*** Data provided ***
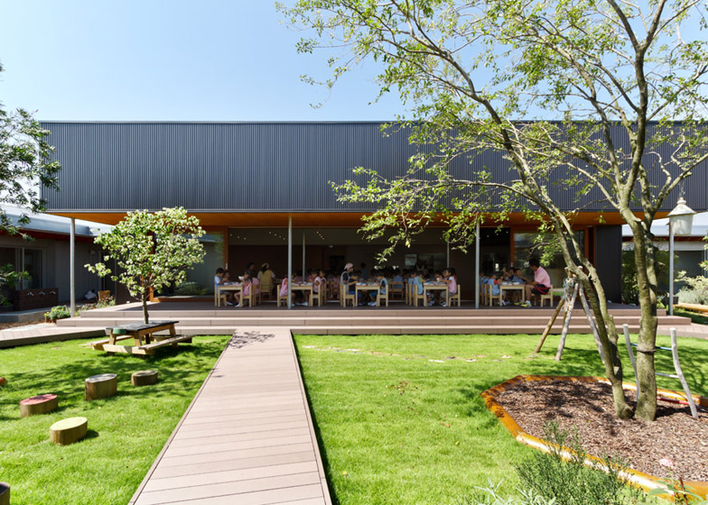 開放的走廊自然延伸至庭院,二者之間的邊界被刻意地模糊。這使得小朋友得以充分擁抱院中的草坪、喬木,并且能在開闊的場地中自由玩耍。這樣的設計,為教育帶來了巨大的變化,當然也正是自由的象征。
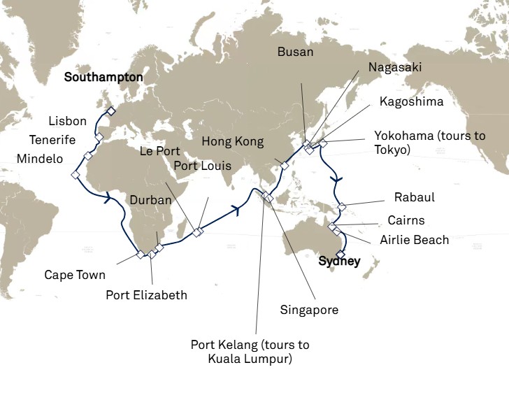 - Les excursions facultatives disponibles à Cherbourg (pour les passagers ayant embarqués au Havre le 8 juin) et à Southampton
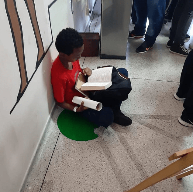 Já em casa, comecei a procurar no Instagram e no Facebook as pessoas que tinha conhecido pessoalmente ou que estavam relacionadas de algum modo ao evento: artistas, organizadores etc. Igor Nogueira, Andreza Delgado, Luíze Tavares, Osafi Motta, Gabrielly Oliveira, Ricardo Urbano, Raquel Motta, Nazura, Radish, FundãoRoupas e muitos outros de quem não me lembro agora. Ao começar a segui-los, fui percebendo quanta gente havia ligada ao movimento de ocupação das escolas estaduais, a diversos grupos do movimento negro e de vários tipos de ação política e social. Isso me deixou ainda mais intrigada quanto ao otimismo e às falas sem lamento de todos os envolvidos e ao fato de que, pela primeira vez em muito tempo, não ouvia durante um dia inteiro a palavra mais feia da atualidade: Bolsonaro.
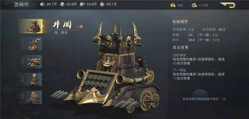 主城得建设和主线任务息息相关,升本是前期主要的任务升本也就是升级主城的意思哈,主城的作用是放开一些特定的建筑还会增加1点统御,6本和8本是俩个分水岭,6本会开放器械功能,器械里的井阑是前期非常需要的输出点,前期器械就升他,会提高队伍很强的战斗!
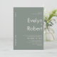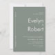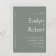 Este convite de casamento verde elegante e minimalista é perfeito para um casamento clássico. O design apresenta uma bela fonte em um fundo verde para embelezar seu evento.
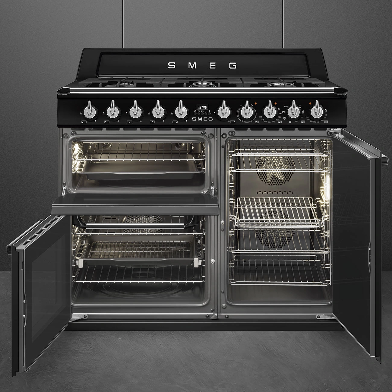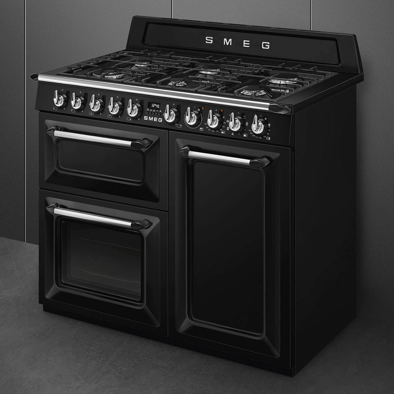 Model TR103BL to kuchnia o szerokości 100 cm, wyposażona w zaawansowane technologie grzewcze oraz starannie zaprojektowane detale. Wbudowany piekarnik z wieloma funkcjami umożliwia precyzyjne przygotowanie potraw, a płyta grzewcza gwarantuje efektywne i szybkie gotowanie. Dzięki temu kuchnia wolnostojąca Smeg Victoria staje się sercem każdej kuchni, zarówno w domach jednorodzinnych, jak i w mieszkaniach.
*** End of Data provided ***
● **What you have to do**
Without any pictures, restate word for word only the lines from the one with "Já em casa, comecei" through the end of the listing.

● **Answer box**
 Já em casa, comecei a procurar no Instagram e no Facebook as pessoas que tinha conhecido pessoalmente ou que estavam relacionadas de algum modo ao evento: artistas, organizadores etc. Igor Nogueira, Andreza Delgado, Luíze Tavares, Osafi Motta, Gabrielly Oliveira, Ricardo Urbano, Raquel Motta, Nazura, Radish, FundãoRoupas e muitos outros de quem não me lembro agora. Ao começar a segui-los, fui percebendo quanta gente havia ligada ao movimento de ocupação das escolas estaduais, a diversos grupos do movimento negro e de vários tipos de ação política e social. Isso me deixou ainda mais intrigada quanto ao otimismo e às falas sem lamento de todos os envolvidos e ao fato de que, pela primeira vez em muito tempo, não ouvia durante um dia inteiro a palavra mais feia da atualidade: Bolsonaro.
 主城得建设和主线任务息息相关,升本是前期主要的任务升本也就是升级主城的意思哈,主城的作用是放开一些特定的建筑还会增加1点统御,6本和8本是俩个分水岭,6本会开放器械功能,器械里的井阑是前期非常需要的输出点,前期器械就升他,会提高队伍很强的战斗!
 Este convite de casamento verde elegante e minimalista é perfeito para um casamento clássico. O design apresenta uma bela fonte em um fundo verde para embelezar seu evento.
 Model TR103BL to kuchnia o szerokości 100 cm, wyposażona w zaawansowane technologie grzewcze oraz starannie zaprojektowane detale. Wbudowany piekarnik z wieloma funkcjami umożliwia precyzyjne przygotowanie potraw, a płyta grzewcza gwarantuje efektywne i szybkie gotowanie. Dzięki temu kuchnia wolnostojąca Smeg Victoria staje się sercem każdej kuchni, zarówno w domach jednorodzinnych, jak i w mieszkaniach.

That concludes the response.